ISOLATION OF THE CHEDIAK HIGASHI IMMUNE DEFICIENCY GENE

CHEDIAK HiGASHI 免疫缺陷基因的分离

• 批准号: 2667769
• 负责人: Frederick s Southwick
• 金额: $ 20.13万
• 依托单位: UNIVERSITY OF FLORIDA
• 依托单位国家: 美国
• 财政年份: 1996
• 资助国家: 美国
• 起止时间: 1996-03-01 至 2000-02-29
• 项目状态: 已结题
• 来源: https://reporter.nih.gov/project-details/2667769
• 关键词: Chediak Higashi syndrome; alleles; artificial chromosomes; chromosome aberrations; clinical research; gene complementation; gene expression; gene mutation; gene rearrangement; genetic mapping; human genetic material tag; human subject; immunodeficiency; immunogenetics; laboratory mouse; molecular cloning; northern blottings; nucleic acid hybridization; nucleic acid sequence; polymerase chain reaction; pulsed field gel electrophoresis; sequence tagged sites; southern blotting

Chediak-Higashi syndrome is a primary immune deficiency disease of human (CHS) and mouse (beige, bg). Affected individuals have defective granulocyte and Natural Killer cell activity, pathognomonic giant vesicles in many cell types, and typically die in childhood of infection or malignancy. There is strong evidence that human CHS is homologous to the bg locus in the mouse. Since attempts to identify the genetic defect in CHS directly have been thwarted by absence of chromosomal assignment of CHS or pedigrees adequate for linkage analysis, we have undertaken positional cloning of bg as an antecedent to identification of the CHS gene. Positional cloning is an approach to identifying a disease gene based solely on its chromosomal location, without regard to etiology. Our preliminary experiments have: 1. Localized bg to a 0.24+/-0.17 centiMorgan interval on mouse chromosome 13; Identified a genomic rearrangement within this interval in the SB/LeJ-bg mouse; 3. Characterized 3 yeast artificial chromosomes (YACs) which may span this rearrangement. We propose to identify the defective gene in the bg mouse by examining expressed sequences derived from these YACs for mutations. The human homolog of the bg gene will be cloned and sequenced in CHS patients and normal individuals to identify CHS mutations. Isolation of the CHS gene will permit prenatal genetic diagnosis, enabling institution of treatment for CHS in infancy. Identification of the bg gene will facilitate understanding of mechanisms of regulation of protein trafficking to lysosomes, and of the contribution of vesicular sorting to immune functions such as cellular cytotoxicity. Given the selective impairment of certain immune responses evident in bg mice, identification of the molecular basis of this disease may suggest a novel approach to immune modulation, and imply therapies for CHS which are not currently being considered, and will provide a starting point for gene therapy of CHS.

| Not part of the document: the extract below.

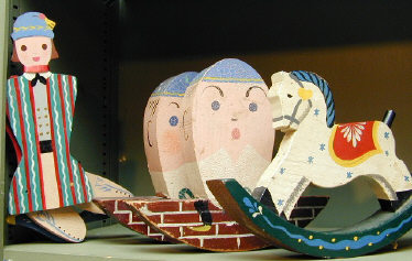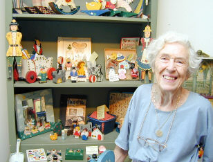 During World War II, almost all metals were held from toy manufacturers since they were critical to the war effort. Wood was just about the only medium available for toy making. At this time, Henry and Jane Schlosser, in 1943, started their Bonnie Barn Toy Co. in Roslyn, New York. Henry was a German immigrant who had been detained by US authorities for about 9 months at the entry of the United States into the war. Henry and Jane's wartime romance is told in the book "Love Stories of World War II" by Larry King. I met with Jane Schlosser in June of 2002 at her antique toy shop, Toys of Another Day, in the Stoudtburg Village in Adamstown, Pennsylvania. She has had a life long interest in toys that goes back to her days with her husband and the Bonnie Barn Toy Company. There, in her shop in Stoudtburg Village, was her personal collection of Bonnie Barn toys. I photographed many of the very simple but beautiful and artistically done wooden horses, jumping jacks, circus performers, and other characters. They reflect the toy artistry of Henry and Jane Schlosser. The wood used in most of these toys came from discarded scraps from ammunition crates made during the war. Enjoy seeing these beautiful toys:

Chediak-Higashi综合征是人类的主要免疫缺陷疾病 （CHS）和鼠标（米色，bg）。受影响的人有缺陷 粒细胞和天然杀伤细胞活性，病理巨囊泡 在许多细胞类型中，通常死于感染的儿童或 恶性。有充分的证据表明，人类CHS与 鼠标中的BG基因座。由于试图识别遗传缺陷 通过缺乏染色体分配，CHS直接受到挫败 CHS或谱系足以进行连锁分析，我们已经承担了 BG的位置克隆作为CHS识别的先例 基因。 位置克隆是鉴定疾病基因的一种方法 仅基于其染色体位置，而无需病因。我们的 初步实验具有：1。局部BG至0.24 +/- 0.17厘米 小鼠染色体13的间隔；确定了基因组重排 此间隔在SB/LEJ-BG鼠标中； 3。表征3个酵母人工 可能跨越此重排的染色体（YAC）。 我们建议 通过检查表达的BG小鼠中的缺陷基因 从这些YAC衍生出来突变的序列。人类的同源 BG基因将在CHS患者和正常的CHS患者中进行克隆和测序 个人识别CHS突变。 CHS基因的隔离将 允许产前遗传诊断，使治疗机构 婴儿期。 BG基因的识别将有助于 了解蛋白质运输调节机制 溶酶体，以及囊泡分选对免疫的贡献 诸如细胞细胞毒性之类的功能。考虑到选择性损害 在BG小鼠中明显的某些免疫反应，鉴定 该疾病的分子基础可能表明一种新颖的免疫方法 调节，暗示当前尚未正在的CHS的疗法 考虑到CHS基因治疗的起点。